Though the entries contain pictures, the copy you make should hold only the rest, exactly as written.

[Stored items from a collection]

<<<<

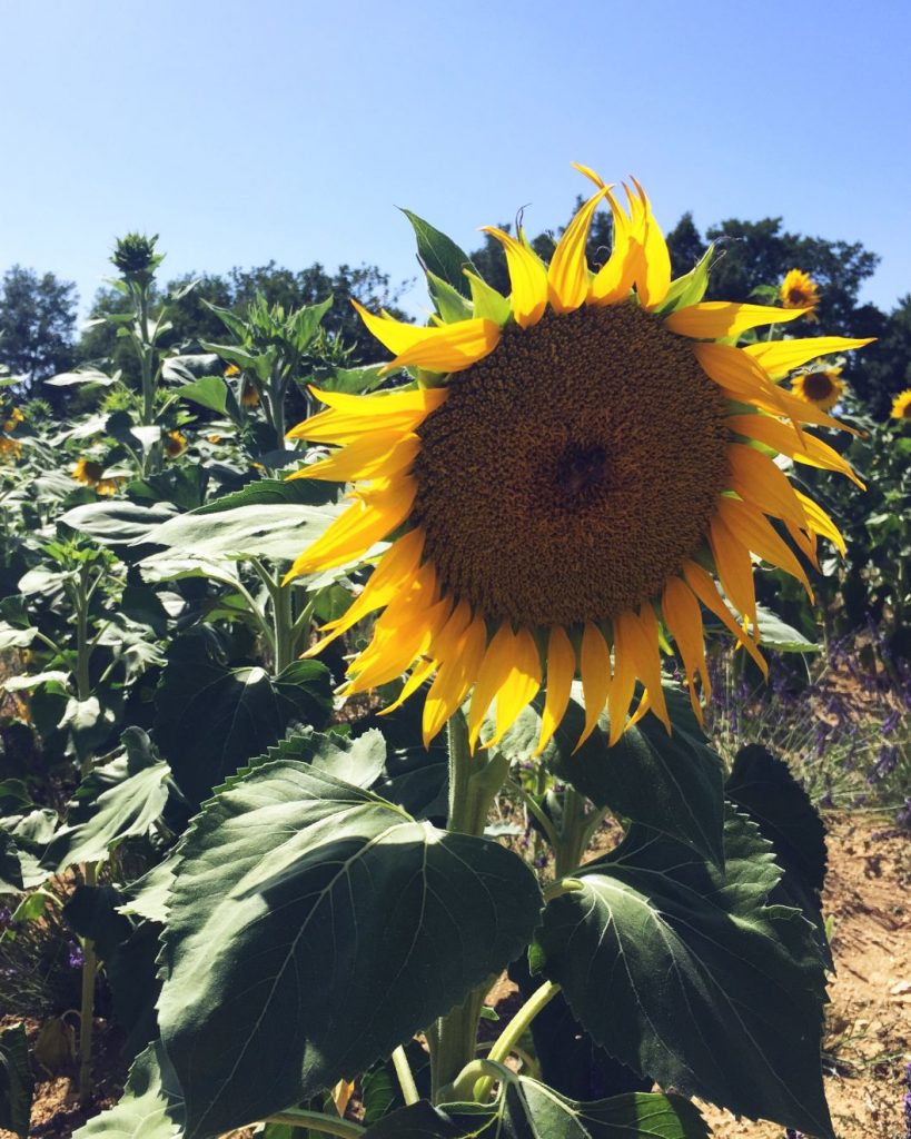 Förutom lavendel finns det fält med solrosor som sträcker sig så långt ögat kan nå.
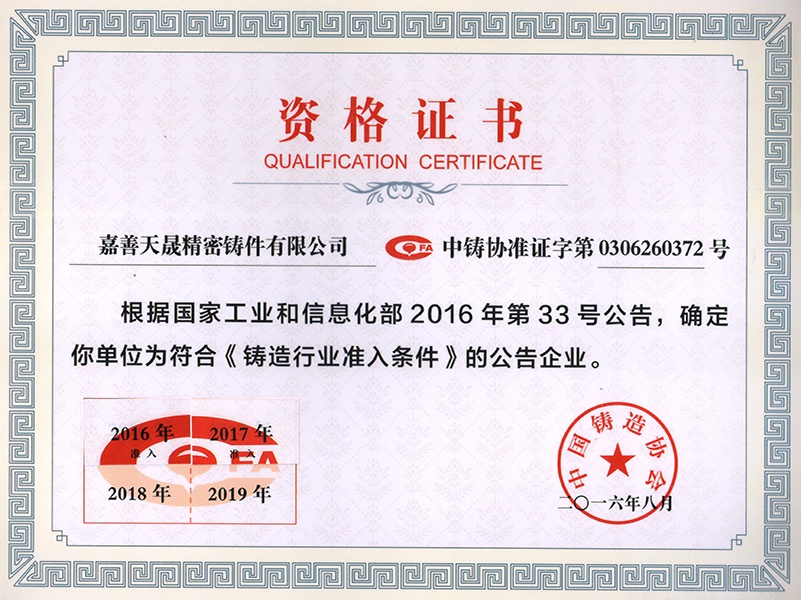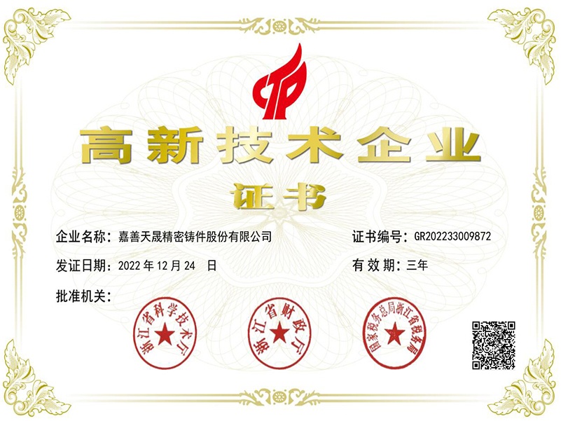 嘉善天晟精密鑄件股份有限公司創(chuàng)立于2008年,集設(shè)計(jì)、加工、生產(chǎn)為一體,是國(guó)內(nèi)領(lǐng)先的精密鑄造商。天晟重視技術(shù)和人才的投入,技術(shù)和產(chǎn)品國(guó)內(nèi)領(lǐng)先,與國(guó)際前沿技術(shù)保持同步。公司擁有完善的硅溶膠精密鑄造、加工、檢測(cè)等各種設(shè)備,從設(shè)計(jì)生產(chǎn)、材料分析到后續(xù)加工提供一整套穩(wěn)定的質(zhì)量控制和技術(shù)支持,為高要求、精要求的客戶提供高品質(zhì)的鑄件產(chǎn)品。
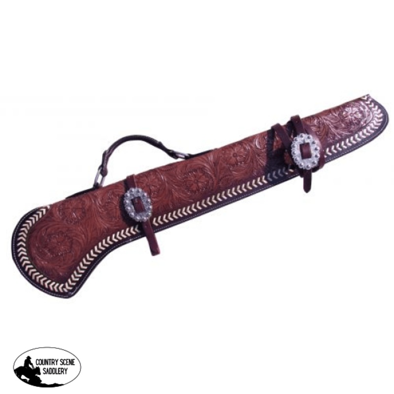 Showman34″ Floral tooled gun scabbard with engraved silver buckles.This gun scabbard features floral medium leather accented with a natural rawhide laced border and features a rolled leather handle for easy carry. Measures 34″ long
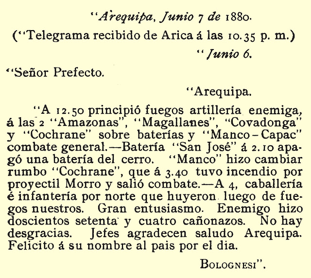A 12.50 principió fuegos artillería enemiga, a las 2 “Amazonas”, “Magallanes”, “Covadonga” y “Cochrane” sobre baterías y “Manco Cápac” combate general.– Batería “San José” a 2:10 apagó una batería del cerro. “Manco” hizo cambiar rumbo “Cochrane”, que a 3:40 tuvo incendio por proyectil Morro y salió combate.– A 4, caballería e infantería por norte que huyeron luego de fuegos nuestros. Gran entusiasmo. Enemigo hizo doscientos setenta y cuatro cañonazos. No hay desgracias. Jefes agradecen saludo Arequipa. Felicito a su nombre al país por el día.
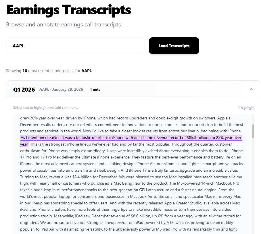 Full earnings call transcripts and financial data. Research like a Wall Street analyst — without the overhead.
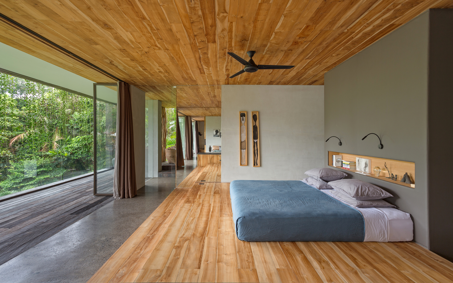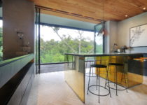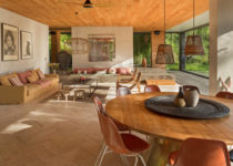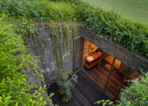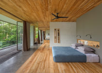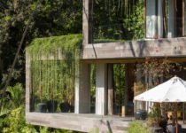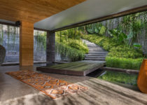 O projeto é como uma caixinha de surpresas, o espaço vai se revelando à medida que nos deslocamos pelos edifício, desde o estacionamento, no ponto mais alto, até o último jardim em meio à floresta. Do interior, a única perspectiva possível é o extenso panorama da floresta tropical na qual a casa está inserida, seja no primeiro, no segundo ou no terceiro volume, até o momento em que mergulhamos em meio a natureza e descobrimos que este é o caminho que leva ao quarto de hóspedes no nível mais baixo do terreno.
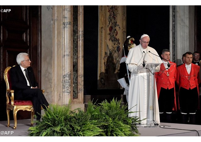 Após o discurso de saudação do Presidente italiano, o Papa tomou a palavra para expressar sua esperança na Itália diante dos sérios problemas e riscos do terrorismo internacional; do fenômeno migratório, por causa das guerras e desiquilíbrios econômicos; da falta de emprego para as novas gerações; das populações atingidas pelos terremotos.
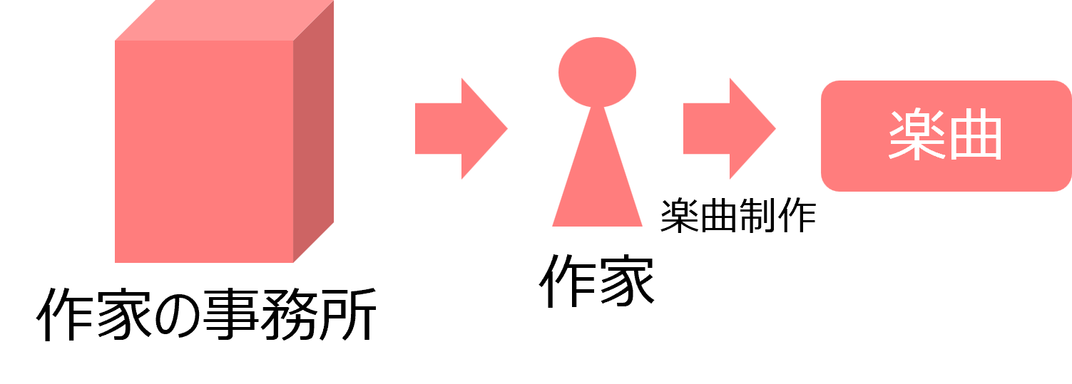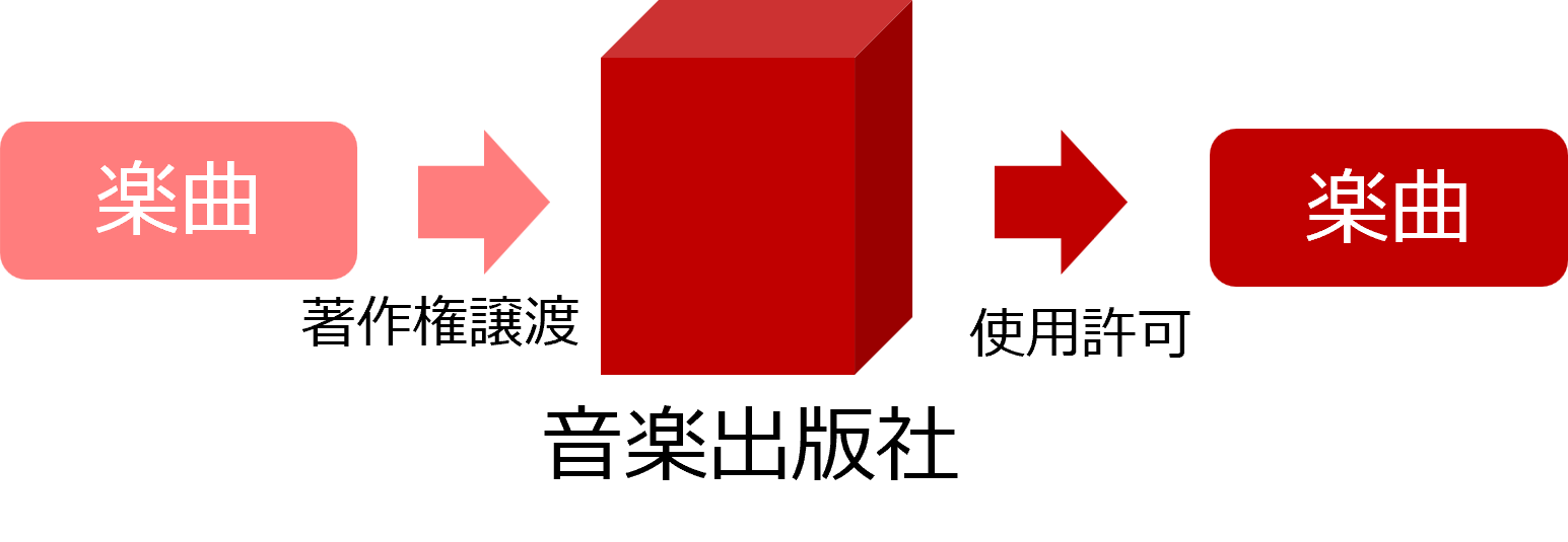 楽曲はもう一段ややこしいステップを踏むようですが、作家は楽曲を音楽出版社に譲渡します。 これはなかなか私のような素人には理解しづらい話ですが、 楽曲の使用権利そのものを音楽出版社に譲渡するようです(つまり作家は権利を持っていない)。 音楽出版社は楽曲の使用許諾を出します。例えばレコーディングする場合は原盤制作会社に出しますし、楽譜にする場合は書籍の出版社に出すという感じです。 JASRACやNextoneのような著作権管理団体もこの音楽出版社と同じレイヤーにあるようです。 主に、音楽出版社はこれから作る制作物に対し、楽曲の使用を許可し、 JASRACなどは既存制作物の使用を許可しているという違いがあるようです。 |
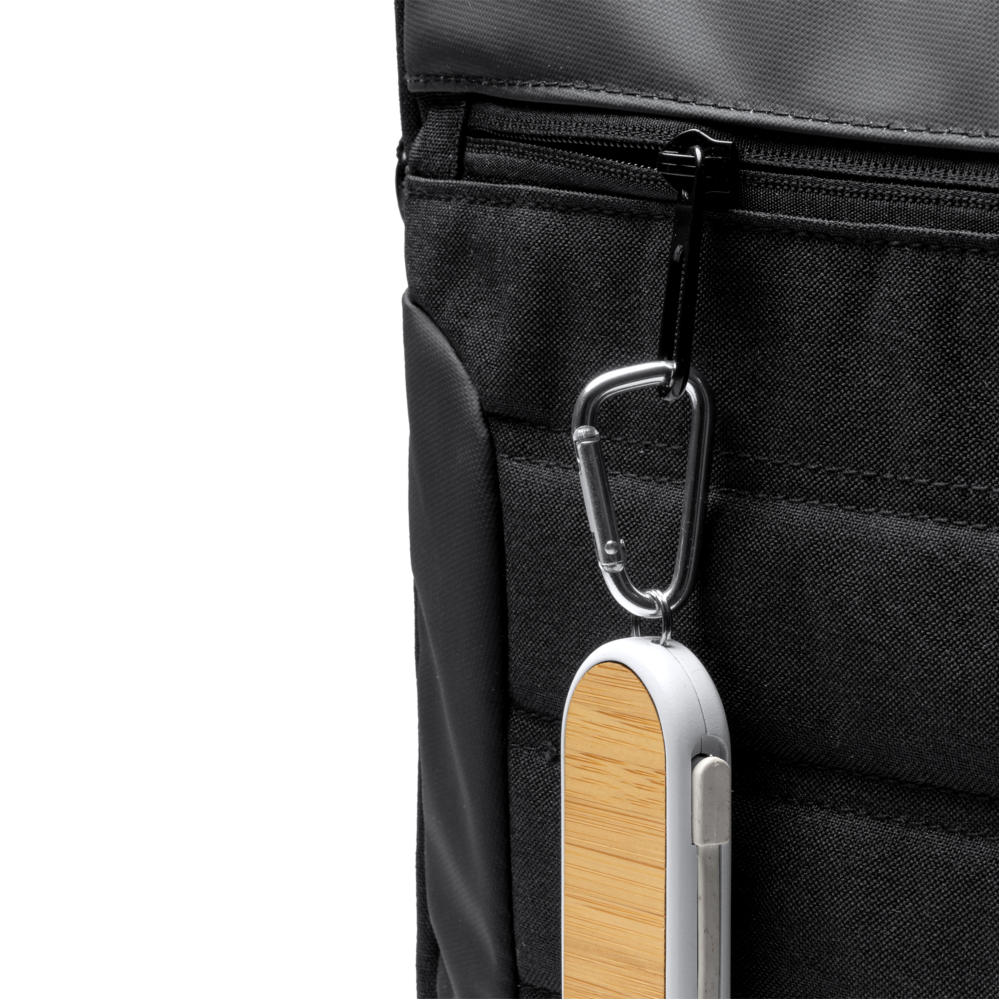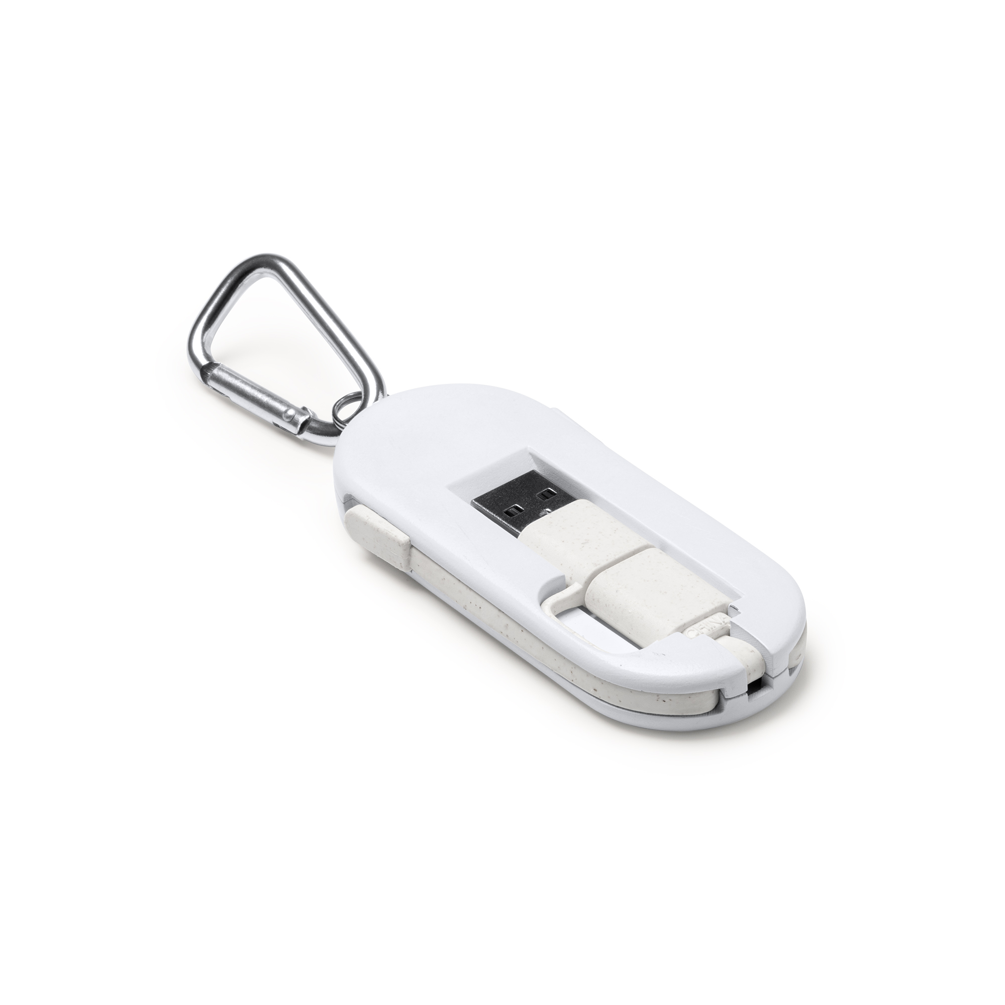 Cavo di ricarica 5 in 1 in ABS riciclato e bamboo. Dotato di più connessioni, tra cui un ingresso USB e di tipo C, nonché uscite micro USB, tipo C e Lightning. Dimensioni: cm 12,6x0,5x3
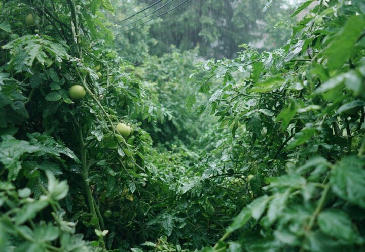 Лето выдалось дождливым — и ваши томаты будто сошли с ума: вместо кистей с завязями они наращивают мощную зелёную массу. Это типичная картина жирования — состояния, когда растение тратит все силы не на завязывание плодов, а наращивание ботву. Разберёмся, почему это происходит и как вернуть томаты к нормальному плодоношению. Азот — отличный помощник на старте роста. Но его переизбыток (особенно в дождливую погоду) провоцирует бурное наращивание зелени в ущерб цветам и плодам. Органика вроде навоза, помёта и компоста в такой период только усугубляет ситуацию. Эти элементы жизненно необходимы для формирования цветочных кистей и завязей. В условиях влажности их усвояемость падает, особенно фосфора. Высокая влажность и низкие температуры «вымывают» микроэлементы из почвы, затрудняя питание растений. Итог — листья становятся темно-зелёными, с синим отливом, но завязей почти нет. Обратите внимание на следующие признаки: ✅ Листья крупные, мясистые, тёмно-зелёные, иногда с синеватым оттенком.
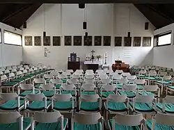 Der Gemeindesaal hat einen offenen Dachstuhl, der mit Holz verkleidet ist. Sich kreuzende Streben stützen das Sparrendach, das an der Nordseite ein durchlaufendes Fensterband als Oberlicht hat. Der Altarbereich liegt im Westen. An der Westwand sind 13 barocke Ölgemälde angebracht, die zentral Christus mit 10 Aposteln zeigen, die außen von Mose und Aaron flankiert werden.[8] Darunter sind Kanzel, Altar und Lesepult aufgestellt, die alle schlicht und funktional aus Holz mit Eisenrahmen gefertigt sind. Die Kirche ist mit weißen Einzelstühlen bestuhlt und bietet 250 Besuchern Platz. An der Ostwand, der Rückseite des Turms, ist eine Orgelempore eingebaut, auf der die Orgel vor einer Rundbogennische steht.

>>>>

* [Response area]:
 Förutom lavendel finns det fält med solrosor som sträcker sig så långt ögat kan nå.
 嘉善天晟精密鑄件股份有限公司創(chuàng)立于2008年,集設(shè)計(jì)、加工、生產(chǎn)為一體,是國(guó)內(nèi)領(lǐng)先的精密鑄造商。天晟重視技術(shù)和人才的投入,技術(shù)和產(chǎn)品國(guó)內(nèi)領(lǐng)先,與國(guó)際前沿技術(shù)保持同步。公司擁有完善的硅溶膠精密鑄造、加工、檢測(cè)等各種設(shè)備,從設(shè)計(jì)生產(chǎn)、材料分析到后續(xù)加工提供一整套穩(wěn)定的質(zhì)量控制和技術(shù)支持,為高要求、精要求的客戶提供高品質(zhì)的鑄件產(chǎn)品。
 Showman34″ Floral tooled gun scabbard with engraved silver buckles.This gun scabbard features floral medium leather accented with a natural rawhide laced border and features a rolled leather handle for easy carry. Measures 34″ long
A 12.50 principió fuegos artillería enemiga, a las 2 “Amazonas”, “Magallanes”, “Covadonga” y “Cochrane” sobre baterías y “Manco Cápac” combate general.– Batería “San José” a 2:10 apagó una batería del cerro. “Manco” hizo cambiar rumbo “Cochrane”, que a 3:40 tuvo incendio por proyectil Morro y salió combate.– A 4, caballería e infantería por norte que huyeron luego de fuegos nuestros. Gran entusiasmo. Enemigo hizo doscientos setenta y cuatro cañonazos. No hay desgracias. Jefes agradecen saludo Arequipa. Felicito a su nombre al país por el día.
 Full earnings call transcripts and financial data. Research like a Wall Street analyst — without the overhead.
 O projeto é como uma caixinha de surpresas, o espaço vai se revelando à medida que nos deslocamos pelos edifício, desde o estacionamento, no ponto mais alto, até o último jardim em meio à floresta. Do interior, a única perspectiva possível é o extenso panorama da floresta tropical na qual a casa está inserida, seja no primeiro, no segundo ou no terceiro volume, até o momento em que mergulhamos em meio a natureza e descobrimos que este é o caminho que leva ao quarto de hóspedes no nível mais baixo do terreno.
 Após o discurso de saudação do Presidente italiano, o Papa tomou a palavra para expressar sua esperança na Itália diante dos sérios problemas e riscos do terrorismo internacional; do fenômeno migratório, por causa das guerras e desiquilíbrios econômicos; da falta de emprego para as novas gerações; das populações atingidas pelos terremotos.
 楽曲はもう一段ややこしいステップを踏むようですが、作家は楽曲を音楽出版社に譲渡します。 これはなかなか私のような素人には理解しづらい話ですが、 楽曲の使用権利そのものを音楽出版社に譲渡するようです(つまり作家は権利を持っていない)。 音楽出版社は楽曲の使用許諾を出します。例えばレコーディングする場合は原盤制作会社に出しますし、楽譜にする場合は書籍の出版社に出すという感じです。 JASRACやNextoneのような著作権管理団体もこの音楽出版社と同じレイヤーにあるようです。 主に、音楽出版社はこれから作る制作物に対し、楽曲の使用を許可し、 JASRACなどは既存制作物の使用を許可しているという違いがあるようです。 |
 Cavo di ricarica 5 in 1 in ABS riciclato e bamboo. Dotato di più connessioni, tra cui un ingresso USB e di tipo C, nonché uscite micro USB, tipo C e Lightning. Dimensioni: cm 12,6x0,5x3
 Лето выдалось дождливым — и ваши томаты будто сошли с ума: вместо кистей с завязями они наращивают мощную зелёную массу. Это типичная картина жирования — состояния, когда растение тратит все силы не на завязывание плодов, а наращивание ботву. Разберёмся, почему это происходит и как вернуть томаты к нормальному плодоношению. Азот — отличный помощник на старте роста. Но его переизбыток (особенно в дождливую погоду) провоцирует бурное наращивание зелени в ущерб цветам и плодам. Органика вроде навоза, помёта и компоста в такой период только усугубляет ситуацию. Эти элементы жизненно необходимы для формирования цветочных кистей и завязей. В условиях влажности их усвояемость падает, особенно фосфора. Высокая влажность и низкие температуры «вымывают» микроэлементы из почвы, затрудняя питание растений. Итог — листья становятся темно-зелёными, с синим отливом, но завязей почти нет. Обратите внимание на следующие признаки: ✅ Листья крупные, мясистые, тёмно-зелёные, иногда с синеватым оттенком.
 Der Gemeindesaal hat einen offenen Dachstuhl, der mit Holz verkleidet ist. Sich kreuzende Streben stützen das Sparrendach, das an der Nordseite ein durchlaufendes Fensterband als Oberlicht hat. Der Altarbereich liegt im Westen. An der Westwand sind 13 barocke Ölgemälde angebracht, die zentral Christus mit 10 Aposteln zeigen, die außen von Mose und Aaron flankiert werden.[8] Darunter sind Kanzel, Altar und Lesepult aufgestellt, die alle schlicht und funktional aus Holz mit Eisenrahmen gefertigt sind. Die Kirche ist mit weißen Einzelstühlen bestuhlt und bietet 250 Besuchern Platz. An der Ostwand, der Rückseite des Turms, ist eine Orgelempore eingebaut, auf der die Orgel vor einer Rundbogennische steht.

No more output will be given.